• _Assignment_: Copy the records below exactly, starting at the line that contains "Morgens: Schnelle Power-Gerichte" and ending at the line that contains "领巾的格纹色和洽风衣的暖调酿成对比,让举座造型更具精采点。"; leave out any pictures.

--- Excerpted records Enclosed Below ---

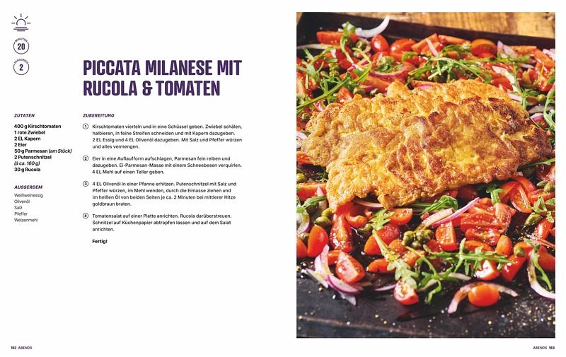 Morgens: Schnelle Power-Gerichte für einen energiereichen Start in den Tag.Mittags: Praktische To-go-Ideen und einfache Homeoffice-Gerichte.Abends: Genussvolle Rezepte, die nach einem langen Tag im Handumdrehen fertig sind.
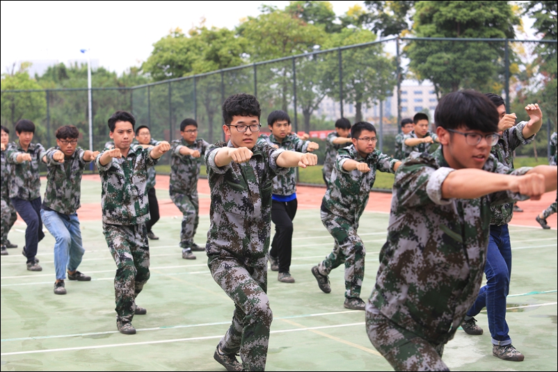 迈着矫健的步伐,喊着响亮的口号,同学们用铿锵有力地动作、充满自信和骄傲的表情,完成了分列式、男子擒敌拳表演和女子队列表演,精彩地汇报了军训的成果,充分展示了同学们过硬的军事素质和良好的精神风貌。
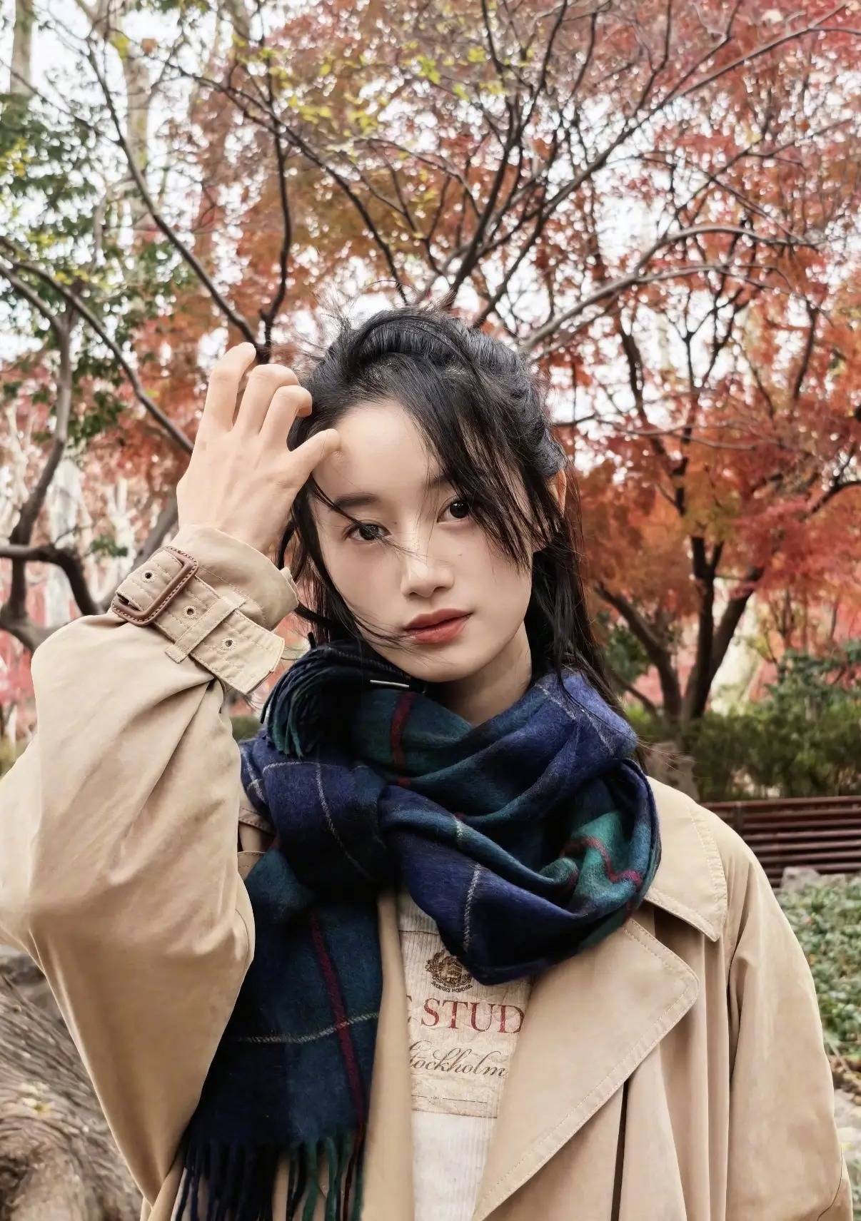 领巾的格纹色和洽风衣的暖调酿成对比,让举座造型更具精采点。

--- End of Enclosed Excerpted records ---
--- Excerpted records Enclosed Below ---

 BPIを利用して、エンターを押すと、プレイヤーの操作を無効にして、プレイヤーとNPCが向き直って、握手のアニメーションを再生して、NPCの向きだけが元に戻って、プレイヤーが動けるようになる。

--- End of Enclosed Excerpted records ---

• _Exercise solution_:
 Morgens: Schnelle Power-Gerichte für einen energiereichen Start in den Tag.Mittags: Praktische To-go-Ideen und einfache Homeoffice-Gerichte.Abends: Genussvolle Rezepte, die nach einem langen Tag im Handumdrehen fertig sind.
 迈着矫健的步伐,喊着响亮的口号,同学们用铿锵有力地动作、充满自信和骄傲的表情,完成了分列式、男子擒敌拳表演和女子队列表演,精彩地汇报了军训的成果,充分展示了同学们过硬的军事素质和良好的精神风貌。
 领巾的格纹色和洽风衣的暖调酿成对比,让举座造型更具精采点。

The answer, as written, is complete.